If we were to acquire an American brand that was staffed here and managed here, I would tell you we are not ready to expand into Europe. That wouldn't be an immediate initiative, but it would be an important component to the brand that would give us the opportunity when we thought the timing was right. It is not right for us today.
- Analyst
Thanks, that's all I have.
Operator
Thank you. Our next question comes from Mike Richardson from Sidoti & Company.
- Analyst
Yes, good morning and thanks for taking my questions. I just two quick ones for you. First, can you give us an idea of how inventory levels are at retail? And have you seen any change in buying patterns from your retail partners? And I'm just curious as to what share count you're assuming for the balance of the year. Thanks.
- Chairman & CEO
We believe that inventory levels at the department store level are going to be managed a little tighter than usual. Their task is similar to us, to manage inventory appropriately and get better sell-throughs and better turn on their inventory, and not to pressure the organization into markdown initiatives that hurt margins. So, I think the retailer is playing a little closer to the vest in their inventory levels. Fortunately for us, we have some brands that are in high demand and work a little bit contrary to the department store needs.
- CFO
In terms of share count, Mike, you've got the share offering of 1,725,000. You could add that to your Q3-Q4, and then a proportion of that for the full year. And then there will be some additional dilution. For the full year we're probably just north of 22.5 million.
- Analyst
Okay, so add 1.7 million to the second quarter?
- CFO
To the Q3-Q4 prior-year figures plus some additional dilution.
- Analyst
Okay, thanks guys.
Operator
Our final question comes from David Glick from Buckingham Research.
- Analyst
Yes, thank you. Morris, you mentioned the improvement in the outlet traffic in August. I'm just wondering if that's something you're seeing across retail. You mentioned inventories are tied and I'm just wondering if there's more of a reason to be optimistic from direct-to-consumer and department store trend for the back half. Thank you.
- Chairman & CEO
We saw better traffic throughout for the month of August. We saw better sell-throughs. It's a little bit of a relief. I can't tell you that June and July were banner months for us. But it's great to see, as new product hits, traffic did perk up, sell-throughs are quite good. And it's not all driven by promotional business.

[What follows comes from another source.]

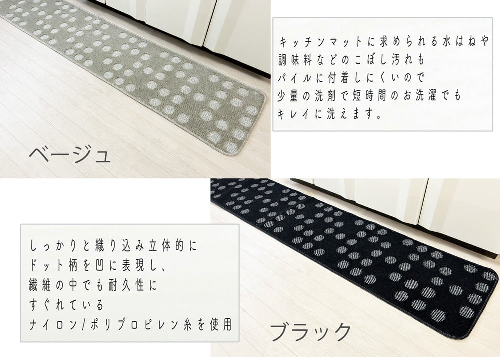 キッチンマット ロング ドットル5 (縦45cmx横240cm) 抗菌 防臭 洗える 滑り止め

When the foot traffic isn't there, the stores tend to try to promote product. As foot traffic is there, the promotions are a little bit different and there's not a thirst to turn your inventory overnight. The foot traffic really is a good indicator of how stable your inventory is and how you value your inventory or you're told to value your inventory. So, I'd say that there's a good improvement in foot traffic.
- Analyst
Great, thank you. Good luck in the second half.
Operator
Thank you. We have no further questions at this time. I will now turn the call over to Morris Goldfarb for closing remarks. Please go ahead.
- Chairman & CEO
Thank you all for spending some time with us this morning and thank you for your interest in our Company. Have a good day.
Operator
Thank you. And thank you ladies and gentlemen. This concludes today's conference. Thank you for participating. You may now disconnect.